┌─ DATA RECORDS

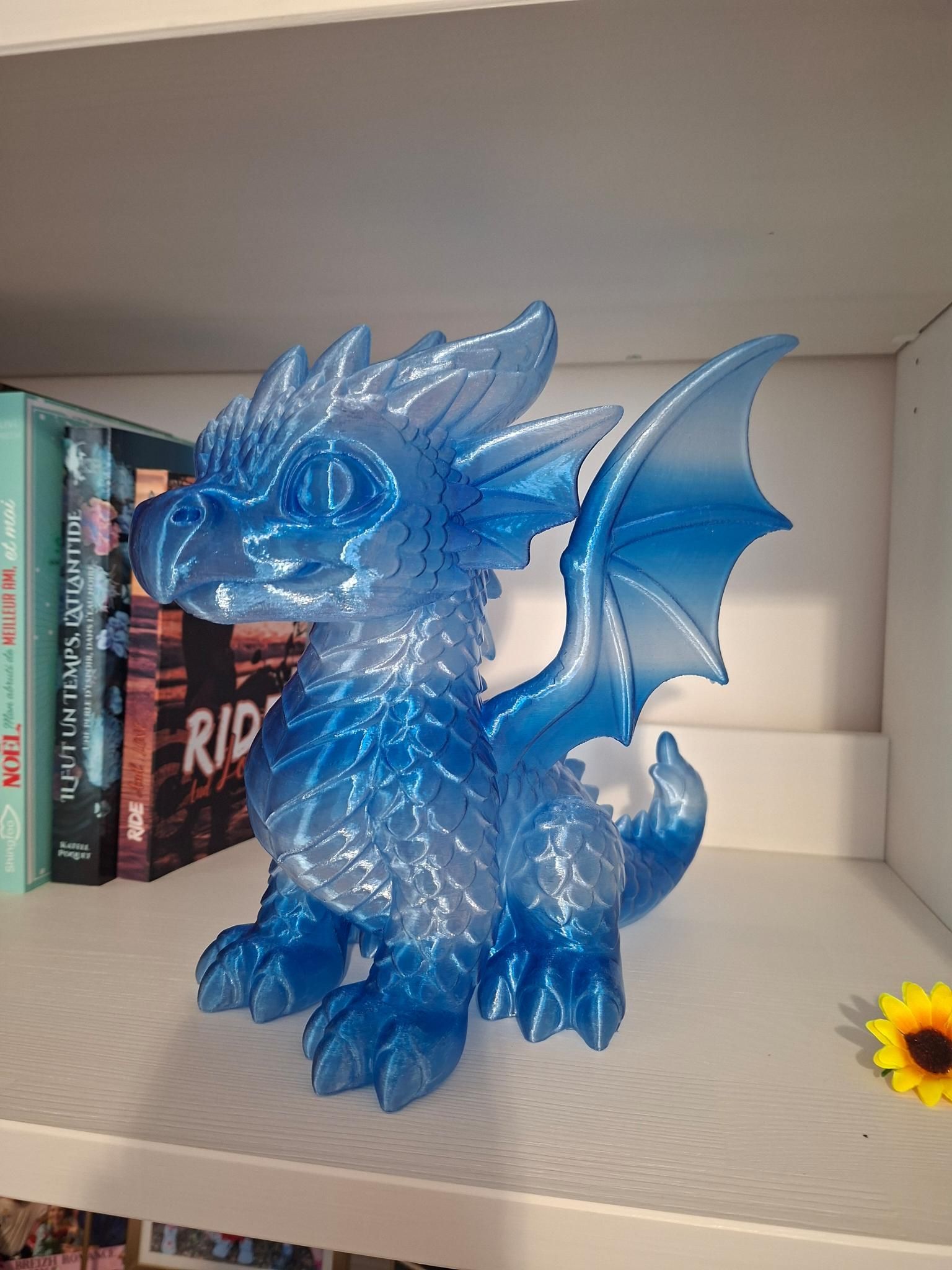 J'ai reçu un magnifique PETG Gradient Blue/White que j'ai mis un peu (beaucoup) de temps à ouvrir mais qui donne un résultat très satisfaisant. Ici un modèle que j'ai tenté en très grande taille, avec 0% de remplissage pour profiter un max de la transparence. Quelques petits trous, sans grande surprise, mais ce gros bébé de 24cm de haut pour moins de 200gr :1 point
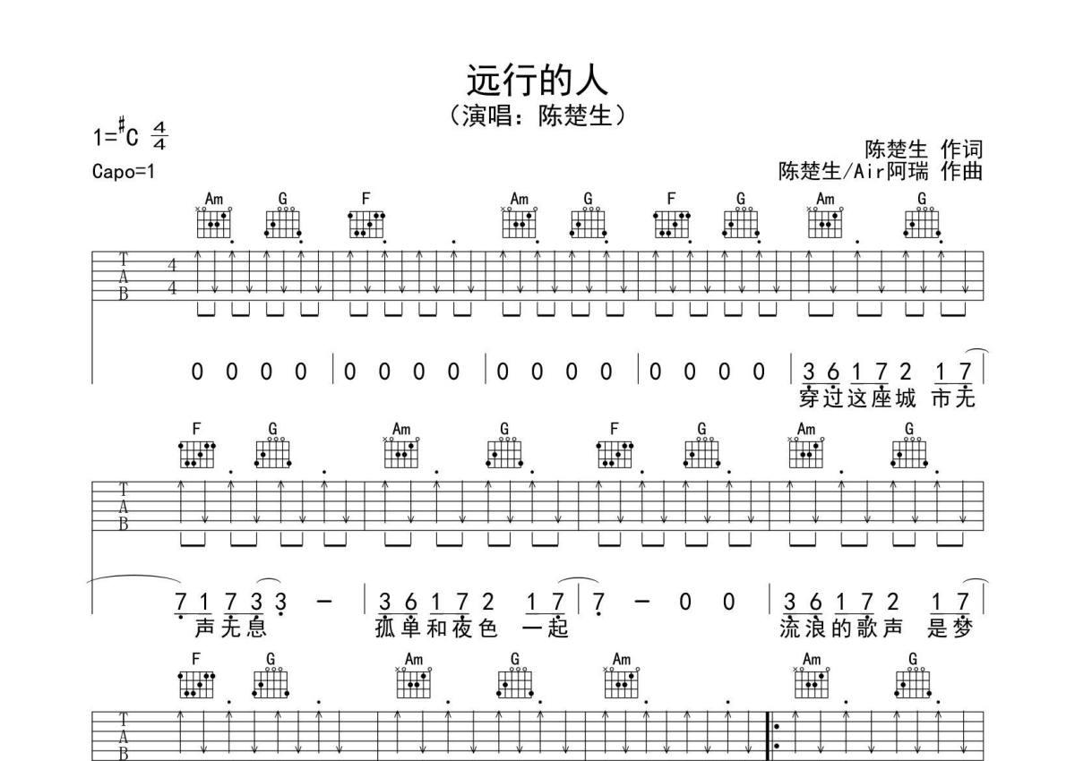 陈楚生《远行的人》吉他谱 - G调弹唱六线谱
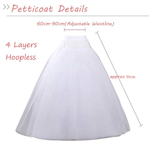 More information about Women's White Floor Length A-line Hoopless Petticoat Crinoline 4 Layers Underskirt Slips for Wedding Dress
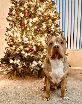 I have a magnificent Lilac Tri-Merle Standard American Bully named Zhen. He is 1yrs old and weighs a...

└─
┌─ DATA RECORDS

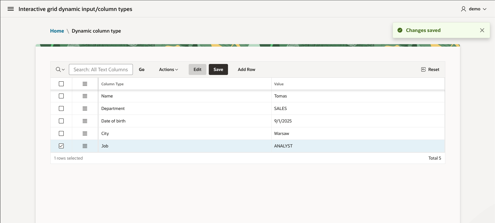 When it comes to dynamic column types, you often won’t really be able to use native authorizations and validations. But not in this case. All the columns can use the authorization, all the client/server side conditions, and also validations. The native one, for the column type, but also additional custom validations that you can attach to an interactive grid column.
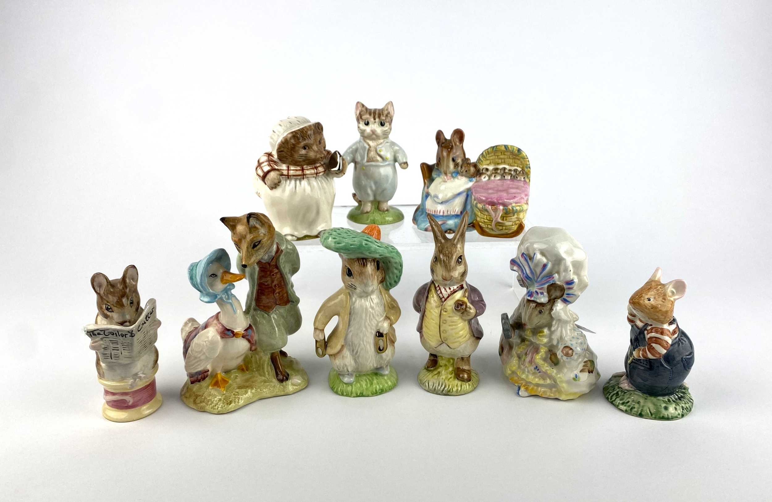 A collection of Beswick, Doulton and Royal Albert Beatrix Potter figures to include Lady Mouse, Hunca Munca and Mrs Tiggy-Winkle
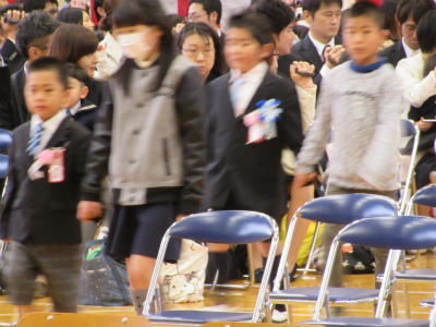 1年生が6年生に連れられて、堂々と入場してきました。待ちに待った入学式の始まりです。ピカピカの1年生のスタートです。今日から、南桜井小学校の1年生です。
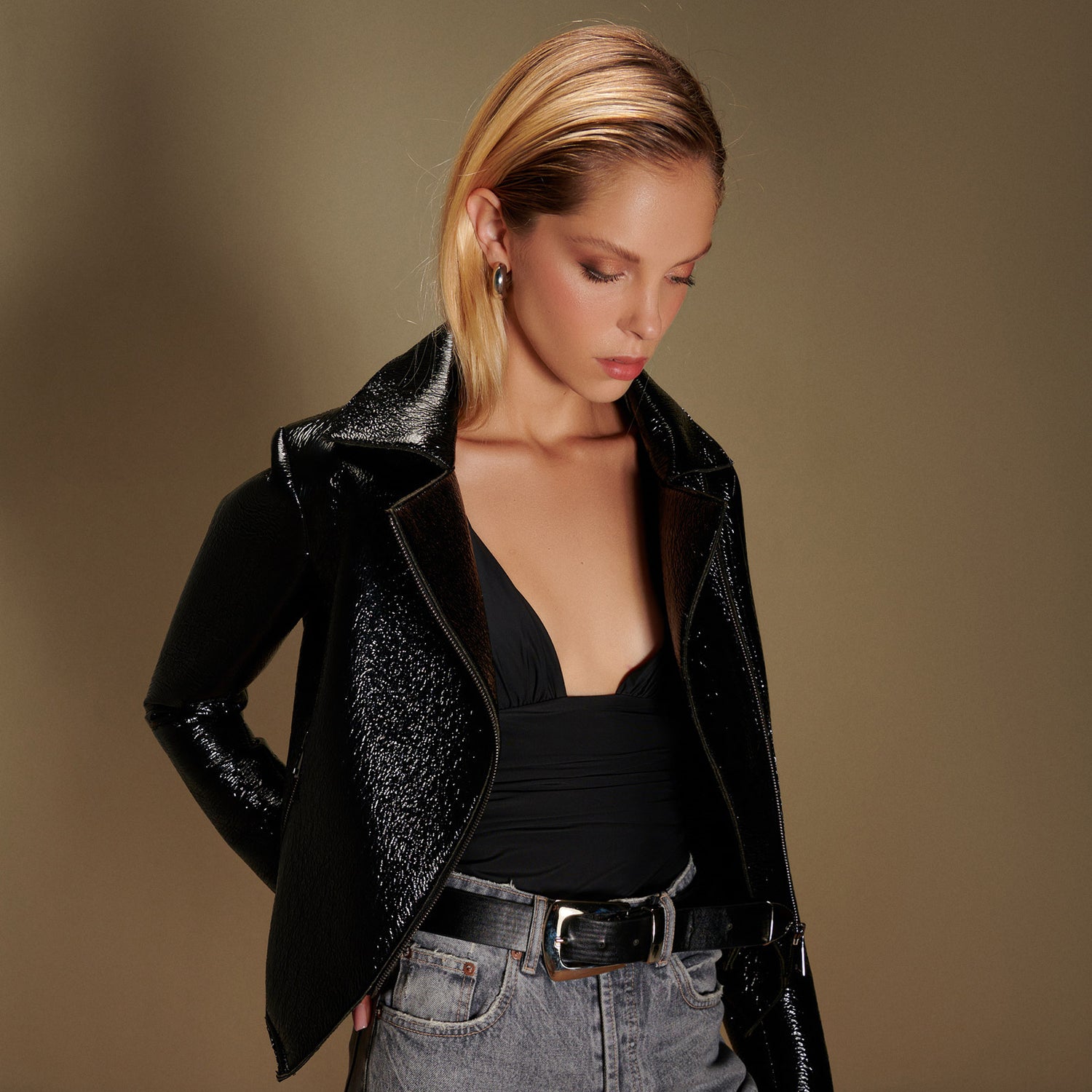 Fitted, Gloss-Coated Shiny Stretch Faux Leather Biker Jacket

└─
┌─ DATA RECORDS

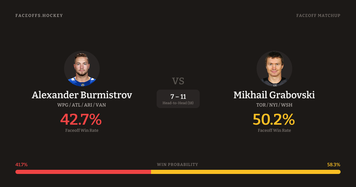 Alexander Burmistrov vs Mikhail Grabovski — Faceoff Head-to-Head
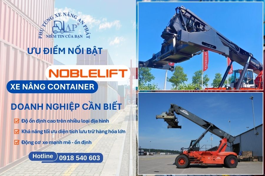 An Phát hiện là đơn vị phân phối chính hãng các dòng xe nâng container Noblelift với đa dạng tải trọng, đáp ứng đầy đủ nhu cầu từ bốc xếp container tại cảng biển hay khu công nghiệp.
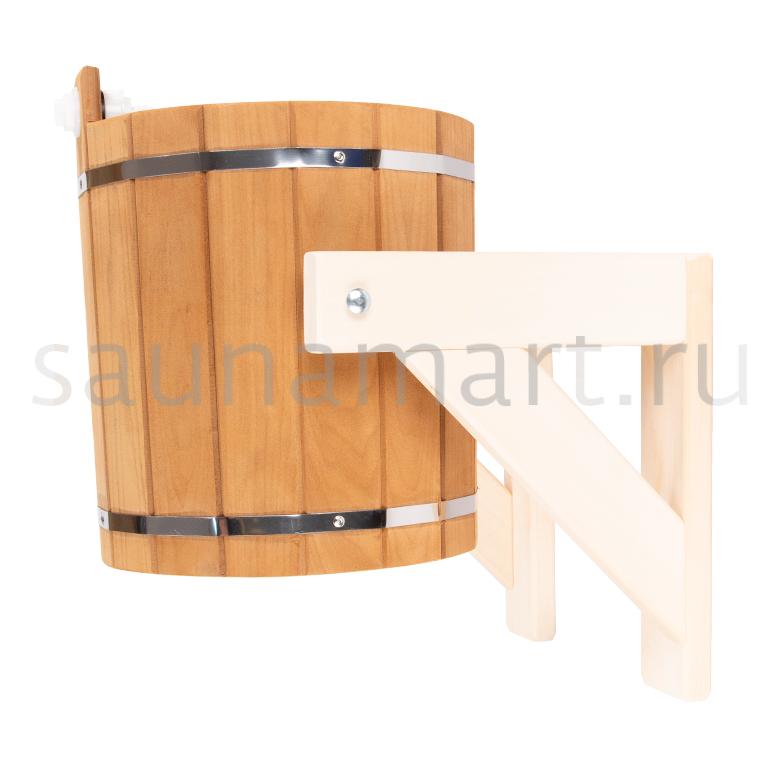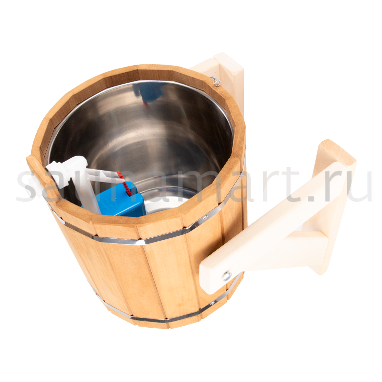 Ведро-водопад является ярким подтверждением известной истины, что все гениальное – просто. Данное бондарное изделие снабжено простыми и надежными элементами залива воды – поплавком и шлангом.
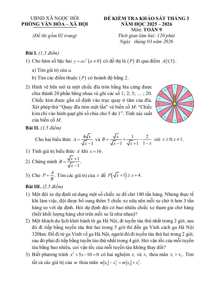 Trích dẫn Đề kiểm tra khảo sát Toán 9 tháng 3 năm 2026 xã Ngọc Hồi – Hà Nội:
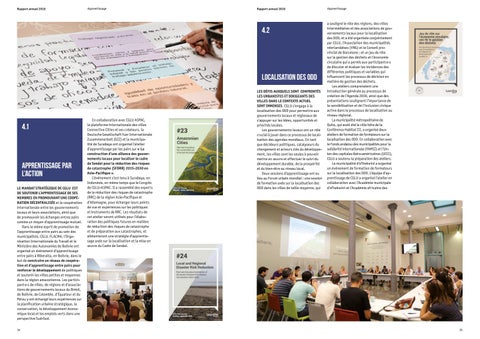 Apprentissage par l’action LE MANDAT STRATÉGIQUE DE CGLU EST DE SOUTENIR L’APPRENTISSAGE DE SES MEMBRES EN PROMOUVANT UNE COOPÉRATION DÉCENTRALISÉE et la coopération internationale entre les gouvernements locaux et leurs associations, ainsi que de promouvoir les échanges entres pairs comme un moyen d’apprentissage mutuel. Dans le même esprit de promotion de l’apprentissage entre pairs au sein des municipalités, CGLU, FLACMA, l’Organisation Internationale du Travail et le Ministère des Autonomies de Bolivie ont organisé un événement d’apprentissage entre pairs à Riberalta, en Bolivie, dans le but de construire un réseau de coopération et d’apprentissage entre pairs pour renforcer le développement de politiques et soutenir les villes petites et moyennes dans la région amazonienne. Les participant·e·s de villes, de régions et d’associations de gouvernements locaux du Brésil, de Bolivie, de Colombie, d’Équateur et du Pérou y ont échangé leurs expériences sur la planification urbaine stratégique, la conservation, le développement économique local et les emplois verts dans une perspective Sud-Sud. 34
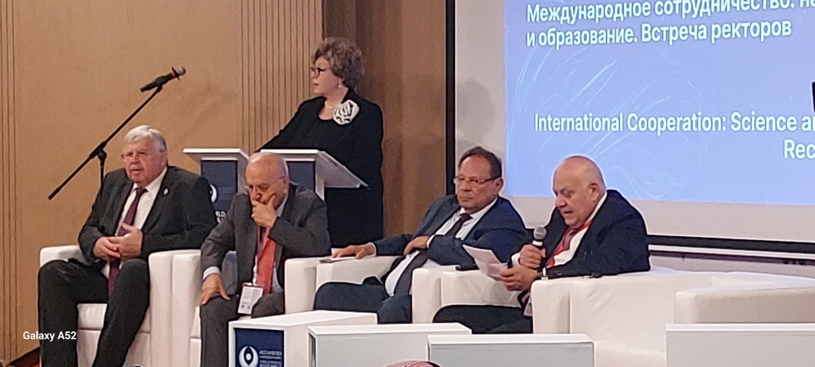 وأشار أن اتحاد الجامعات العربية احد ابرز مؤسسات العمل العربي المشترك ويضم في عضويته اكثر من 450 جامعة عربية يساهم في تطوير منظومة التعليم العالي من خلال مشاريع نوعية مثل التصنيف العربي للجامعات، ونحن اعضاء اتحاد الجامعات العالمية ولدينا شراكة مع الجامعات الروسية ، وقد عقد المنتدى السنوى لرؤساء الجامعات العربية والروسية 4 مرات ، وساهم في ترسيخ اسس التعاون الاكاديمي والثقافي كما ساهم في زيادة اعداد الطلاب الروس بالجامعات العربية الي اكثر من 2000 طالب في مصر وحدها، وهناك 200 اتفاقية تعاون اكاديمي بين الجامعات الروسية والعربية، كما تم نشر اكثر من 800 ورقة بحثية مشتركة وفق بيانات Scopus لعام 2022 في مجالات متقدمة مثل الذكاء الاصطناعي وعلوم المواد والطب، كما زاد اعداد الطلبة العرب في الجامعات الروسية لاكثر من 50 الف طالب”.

└─

• _WHAT THE TASK REQUIRES_
Transcribe, from the material above, the stretch starting at the line with "J'ai reçu un" and ending at the line with "I have a magnificent", both included, exactly. Do not carry over pictures.

• _WRITTEN SOLUTION_
 J'ai reçu un magnifique PETG Gradient Blue/White que j'ai mis un peu (beaucoup) de temps à ouvrir mais qui donne un résultat très satisfaisant. Ici un modèle que j'ai tenté en très grande taille, avec 0% de remplissage pour profiter un max de la transparence. Quelques petits trous, sans grande surprise, mais ce gros bébé de 24cm de haut pour moins de 200gr :1 point
 陈楚生《远行的人》吉他谱 - G调弹唱六线谱
 More information about Women's White Floor Length A-line Hoopless Petticoat Crinoline 4 Layers Underskirt Slips for Wedding Dress
 I have a magnificent Lilac Tri-Merle Standard American Bully named Zhen. He is 1yrs old and weighs a...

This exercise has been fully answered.